Cardoso promised Nigerians improved economic fortunes in 2025 while addressing the Senate Committee on Banking, Insurance, and Other Financial Institutions yesterday in Abuja at the presentation of the performance index report.

Cardoso stated: “External Reserves rose from $ 38.35 billion it was on September 30, 2024, to $ 42.01 billion as of December 12, 2024”.

He clarified that third-party receipts in Q3 2024 and revenues from taxes connected to crude oil were the main drivers of the rise in foreign reserves during the specified time.

“We saw remarkable improvements in our trade balance and maintained a current account surplus,” he added.

“Our external reserves level can finance over 9.09 months of import of goods and services or 13.91 months only, higher than the international benchmark of 3.0 months and a robust buffer against shocks”.

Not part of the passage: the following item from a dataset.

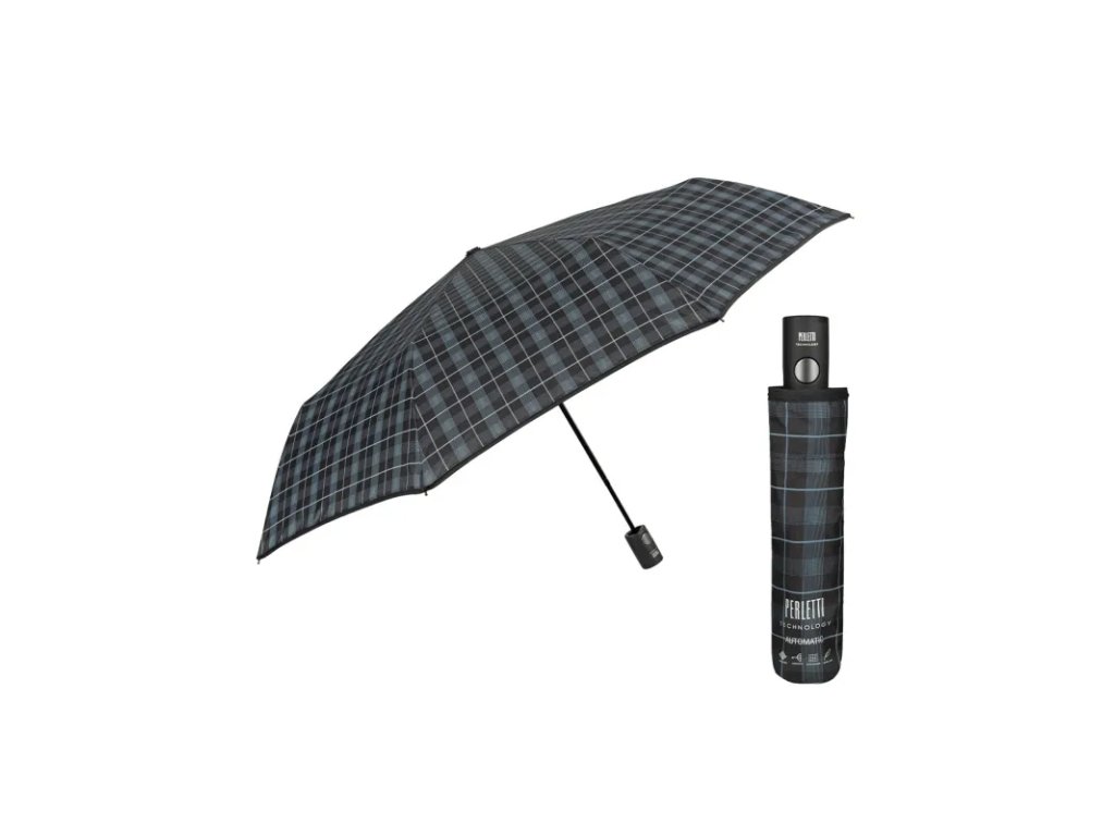 PERLETTI Pánsky automatický dáždnik TIME / tyrkysový prúžok, 21712

On cash shortage, the CBN boss reiterated the N150 million fine against any branch of banks caught illegally distributing new Naira notes to currency hawkers and unscrupulous elements and said the Nigerian economy will improve in 2025 through policies and measures.

He predicted a stronger economic future: “Despite our economy’s challenges, there are clear reasons for optimism.

“The gradual stabilization of the forex market, ongoing banking sector recapitalization, and positive growth trends in key sectors, especially the services sector, indicate a path toward recovery and stability.”